Der Gemeinderat der Stadt Bern hat die Inhaberin der Werbeagentur Contexta, Nadine Borter, in den Stiftungsrat von Konzert Theater Bern gewählt. Sie ersetzt Benedikt Weibel und soll ihm dereinst auch im Präsidium folgen.

Nadine Borter ist Inhaberin der Werbeagentur Contexta in Bern und Zürich, 42 Jahre alt, wohnhaft in Bern und Zürich. Kreativ von Berufs wegen, gut vernetzt, offen und neugierig. Und sie ist – wie es Stadtpräsident Alec von Graffenried wünscht – eine junge Frau mit Führungserfahrung.

Zwei Chancen: «Jung» und «Frau»

«Eine junge Frau», wie schön. Warum Frau leuchtet ein: Viel zu selten wirken Frauen in Führungsgremien, noch viel rarer führen sie sie an. Da ist es richtig und gerecht, Frauen endlich Gelegenheit zu geben, sich im Amt zu erproben, ganz unabhängig davon, ob sich dadurch etwas ändert oder bessert.

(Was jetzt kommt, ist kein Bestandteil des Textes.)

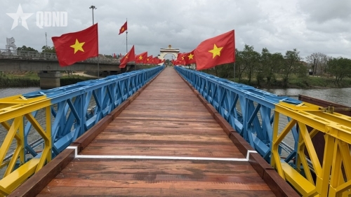 Cầu Hiền Lương vừa được tu bổ, phục vụ du khách tham quan dịp xuân Bính Ngọ 2026. |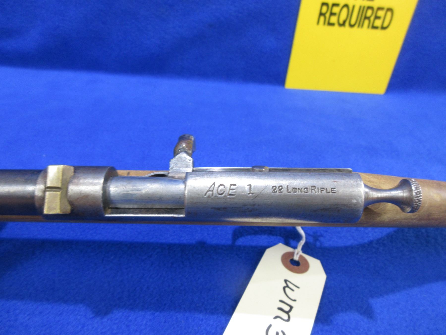 Non-Restricted - Ace1 by Cooey in 22 LR - This single shot bolt action rifle appears to be in good working order but bolt handle has been repaired. Barrel is 17", rifling is good to very good, bluing is good for age, has both sights but rear sight is brass and may not be original, stock is good for age but has a crack by trigger guard, no butt plate. Ser # None

«Jung» – im Gegensatz zu alt, altmodisch, immer gleich, nicht mehr zeitgemäss – warum nicht? Ein alterndes Publikum wird womöglich ergänzt durch ein jüngeres, wenn an der Spitze der Institution junge Leute wirken. Leute, die wissen, worauf es ankommt, um Altersgenossinnen und -genossen mehr Gelegenheiten zu bieten, ins Theater, ins Konzert, zu Tanzvorstellungen zu gehen: Kinderhütedienste, anders angesetzte Aufführungszeiten, eventuell kürzere Vorstellungen und dergleichen. Und vielleicht auch Veranstaltungen zum einen und anderen Thema, das Jüngere womöglich mehr beschäftigt als Ältere.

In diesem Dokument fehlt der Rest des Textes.